# Help me pick a headset color.



## Fattybiker (Mar 2, 2005)

I know this is very subjective, but I'm changing my headset on my 2000 polished Classic and not sure what color to go with. The new headset will be a 1" threadless Chris King of course. Do I stick with the silver version and keep it uniformed in color? Do I go black since I've got black FSA carbon K-wings, a black Ritchey WCS stem, a black FSA carbon post, and black Ligero built Alex RD400 rims? Or do I go with some color like the sweet red or blue headsets? Choices, choices, choices! I like the titanium headset, but I don't know if I can justify the cost over the standard aluminum ones. Any help would be appreciated:thumbsup:


----------



## clgtide1 (Jul 24, 2002)

I would go with the black one. I have a silver Chris King on my Ghisallo and is fine. My brother just got a black one for his.
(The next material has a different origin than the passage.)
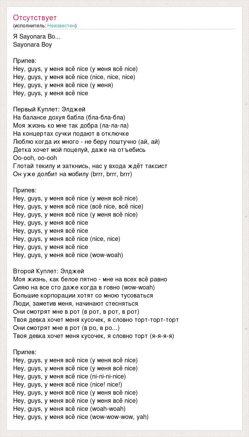 Я Sayonara Bo... Sayonara Boy Припев: Hey, guys, у меня всё nice (у меня всё nice) Hey, guys, у меня всё nice (nice, nice, nice) Hey, guys, у меня всё nice (у меня) Hey, guys, у меня всё nice Первый Куплет: Элджей На балансе дохуя бабла (бла-бла-бла) Моя жизнь ко мне так добра (ла-ла-ла) На концертах сучки подают в отключке Люблю когда их много - не беру поштучно (ай, ай) Детка хочет мой поцелуй, даже на отъебись Oo-ooh, oo-ooh Глотай текилу и заткнись, нас у входа ждёт таксист Он уже долбит на мобилу (brrr, brrr, brrr) Припев: Hey, guys, у меня всё nice (у меня всё nice) Hey, guys, у меня всё nice (всё nice, всё nice) Hey, guys, у меня всё nice (у меня всё nice) Hey, guys, у меня всё nice Hey, guys, у меня всё nice Hey, guys, у меня всё nice (nice, nice) Hey, guys, у меня всё nice Hey, guys, у меня всё nice (wow-woah) Второй Куплет: Элджей Моя жизнь, как белое пятно - мне на всех всё равно Сияю на все сто даже когда в говно (wow-woah) Большие корпорации хотят со мною тусоваться Люди, заметив меня, начинают стесняться Они смотрят мне в рот (в рот, в рот, в рот) Твоя девка хочет меня кусочек, я словно торт-торт-торт Они смотрят мне в рот (в ро, в ро...) Твоя девка хочет меня кусочек, я словно торт (я-я-я-я) Припев: Hey, guys, у меня всё nice (у меня всё nice) Hey, guys, у меня всё nice (у меня всё nice) Hey, guys, у меня всё nice (ni-ni-ni-nice) Hey, guys, у меня всё nice (nice! nice!) Hey, guys, у меня всё nice (у меня всё nice) Hey, guys, у меня всё nice (у меня всё nice) Hey, guys, у меня всё nice (woah-woah) Hey, guys, у меня всё nice (wow-wow-wow, yah)

I think the contrast will be nice.


----------



## Veni Vidi Vici (Feb 10, 2004)

*Black*, of course


----------



## Juanmoretime (Nov 24, 2001)

I have a gold King on my titanium frame. It goes well with the gold KMCX10SL chain.


----------



## Fattybiker (Mar 2, 2005)

Wow, never would have given gold a thought, but man that looks nice! If anyone else has pic's of their headset, please share. Black would contrast the polished ti very nicely. 

Thanks guys:thumbsup:


----------



## linus (Mar 24, 2005)

I like pink for some reason......


----------



## Fastgaijin (Aug 24, 2005)

You're bike is a classic, so you need to stay classic: black.


----------



## Fattybiker (Mar 2, 2005)

Black is what I initially thought I'd go with, so black it will be since that seems to be the consenses. 

Cheers:thumbsup:


----------



## spookyload (Jan 30, 2004)

How about the patriot or rasta? The patriot is Red, silver, and blue. One of each component. The rasta is green, red, yellow, and black. All of these colors are in the headbadge and would look good. There is even a site on ebay that sells CK's where you can pick the color of each part.


----------



## msheron (Nov 2, 2005)

I just bought a silver one................I want to keep that Ti look or at least shade of color.


----------